▶ _Provided records_:
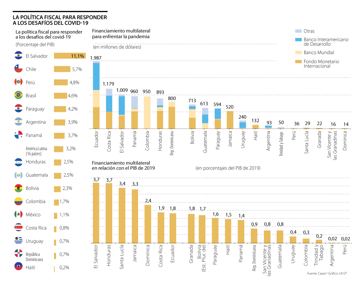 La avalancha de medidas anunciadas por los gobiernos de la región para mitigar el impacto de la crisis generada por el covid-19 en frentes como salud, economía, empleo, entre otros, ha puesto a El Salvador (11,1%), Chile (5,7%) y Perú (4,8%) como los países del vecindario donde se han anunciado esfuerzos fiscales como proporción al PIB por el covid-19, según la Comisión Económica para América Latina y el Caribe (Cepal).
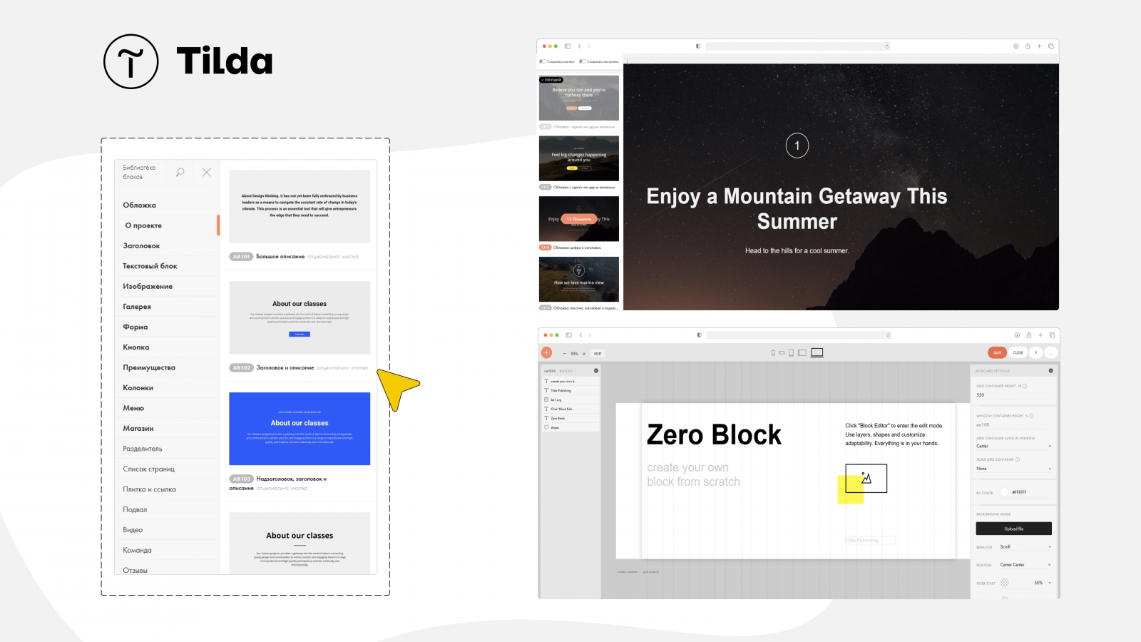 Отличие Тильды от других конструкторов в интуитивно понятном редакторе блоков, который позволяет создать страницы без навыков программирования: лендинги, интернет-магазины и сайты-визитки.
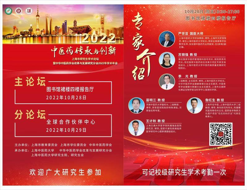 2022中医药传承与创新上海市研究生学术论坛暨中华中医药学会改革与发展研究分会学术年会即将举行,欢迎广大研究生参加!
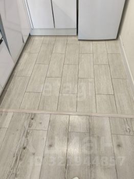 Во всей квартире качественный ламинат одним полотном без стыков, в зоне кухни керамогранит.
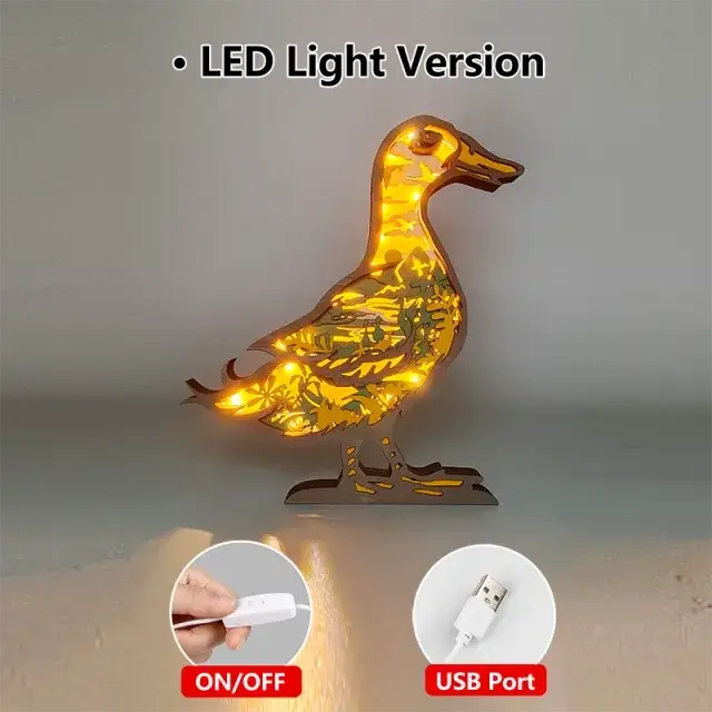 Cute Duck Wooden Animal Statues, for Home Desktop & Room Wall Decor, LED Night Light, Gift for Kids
--
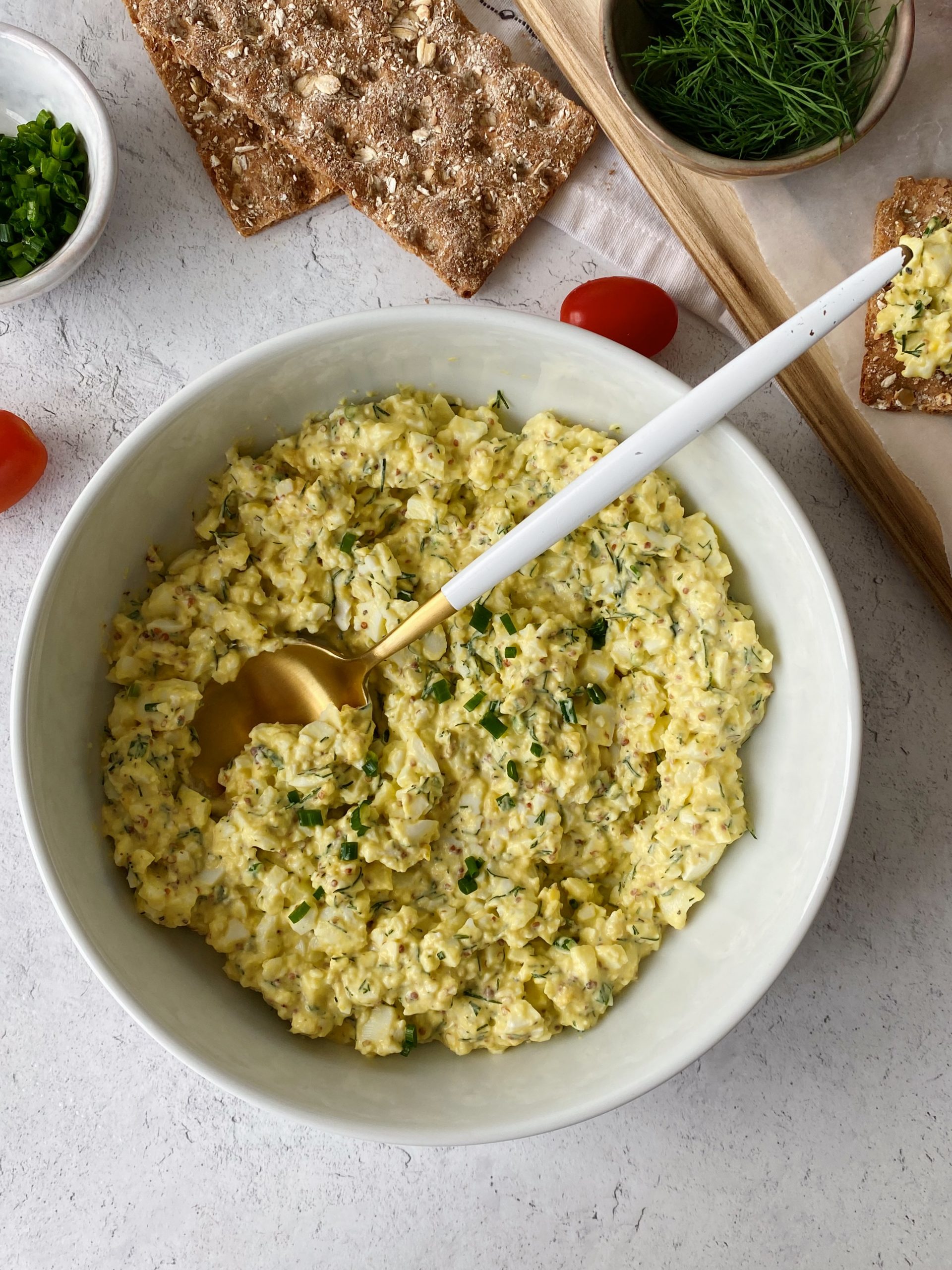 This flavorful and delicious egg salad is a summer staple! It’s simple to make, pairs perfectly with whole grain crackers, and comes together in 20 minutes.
* * *
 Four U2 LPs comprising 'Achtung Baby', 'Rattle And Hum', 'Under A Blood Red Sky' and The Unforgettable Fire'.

▶ _Instructions to follow_: Look above for the line with "Отличие Тильды от" and the line with "Cute Duck Wooden", then copy them and all lines in between exactly as written, and only those, without any pictures.

▶ _Answer to this exercise_:
 Отличие Тильды от других конструкторов в интуитивно понятном редакторе блоков, который позволяет создать страницы без навыков программирования: лендинги, интернет-магазины и сайты-визитки.
 2022中医药传承与创新上海市研究生学术论坛暨中华中医药学会改革与发展研究分会学术年会即将举行,欢迎广大研究生参加!
 Во всей квартире качественный ламинат одним полотном без стыков, в зоне кухни керамогранит.
 Cute Duck Wooden Animal Statues, for Home Desktop & Room Wall Decor, LED Night Light, Gift for Kids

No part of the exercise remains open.